The Organization for Security and Cooperation in Europe, which provided independent international observers for the election, said “credible allegations of vote buying remain a serious concern,” and said several dozen such allegations had been passed to local police.

Protesters take part in a rally against the appointment of opposition politician Sadyr Japarov as the country’s new prime minister, at Ala-Too Square, in Bishkek, Kyrgyzstan.Akylbek Batyrbekov / Sputnik via AP

Representatives of the parties accused of vote-buying could not be reached or did not respond to requests for comment from NBC News. Aida Kasymalieva, head of the Birimdik, meaning unity, party and deputy speaker of the parliament, said in a WhatsApp message that while she was safe, she would provide “no comment for any news agency.”
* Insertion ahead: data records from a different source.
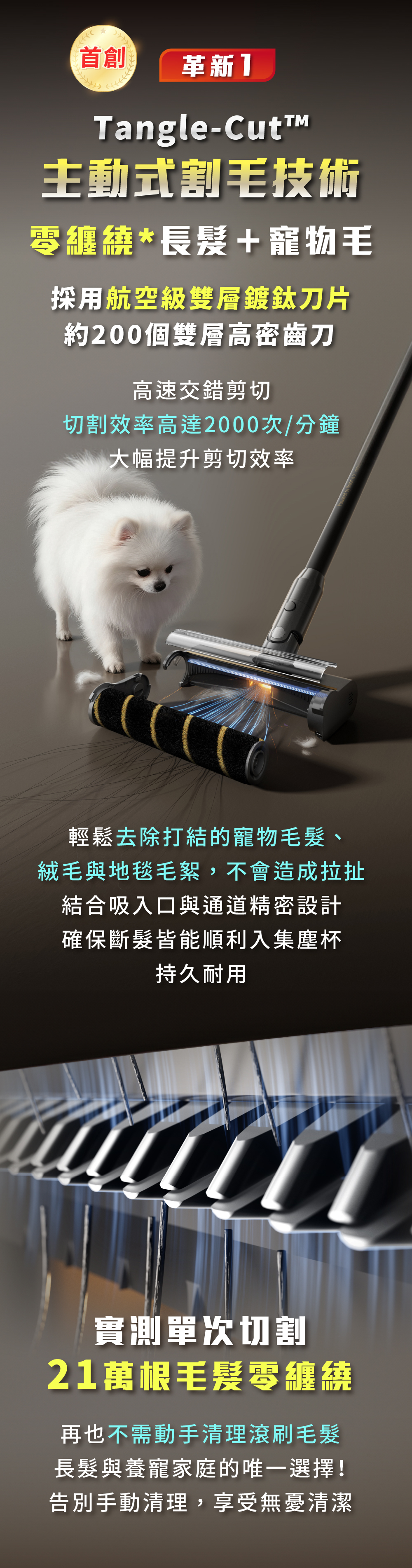 Tangle-Cut™主動式割毛技術|截斷毛髮,不纏繞滾刷
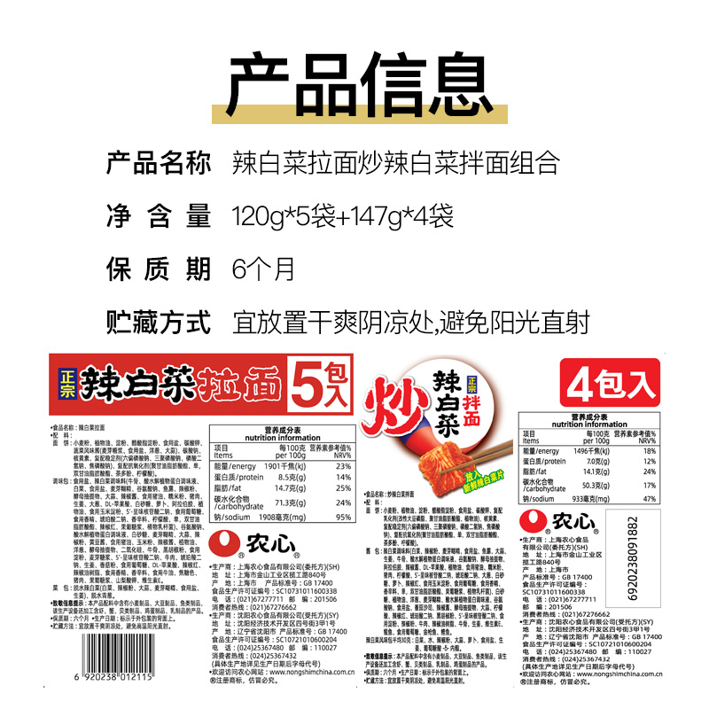 农心辣白菜拉面方便面&农心炒辣白菜拌面(含韩国切片泡菜)即食面 |
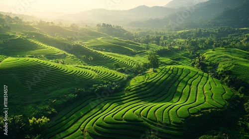 Serene terraced rice paddies, lush green landscape, sunrise light, mountain valley, agriculture, farming, A
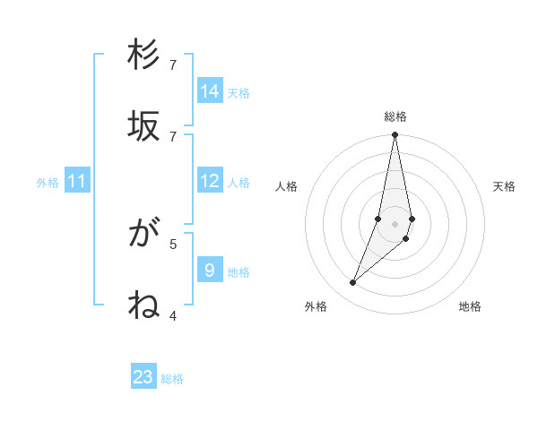杉坂 がねさんを姓名の画数から五運を鑑定
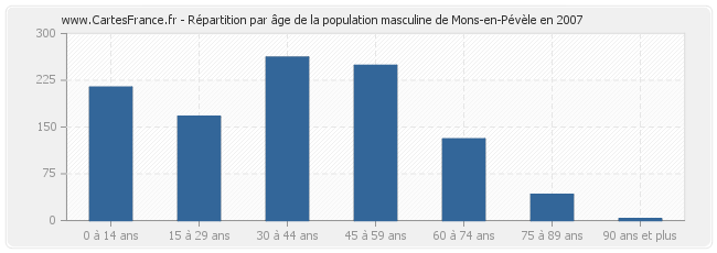 Répartition de la population masculine de Mons-en-Pévèle par âge en 2007 :
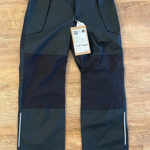 Uudet mustat Reiman Kaura välikausihousut. Laput kiinni. Näissä on säädettävä vyötärö, 10000mm vesipilari, teipatut saumat, joustava vyötärö ja lahkeensuut. Ei jalkalenksuja. Sisävuori on sileä. Meillä ei ehtinyt käyttöön, siksi nyt eteenpäin.

“Coronavirus, corruption — it’s been building up,” said Amanda Wooden, an associate professor of political science at Bucknell University, who lived in Kyrgyzstan for almost four years. “The people were just fed up, on top of being fed up.”

“Now the situation is a little bit dangerous, because the president doesn’t have power now, we don’t know where he is,” Dinara Oshurahunova, who has worked to improve election transparency for the past two decades, said.

“We don’t know where the parliament is, where the government power is.”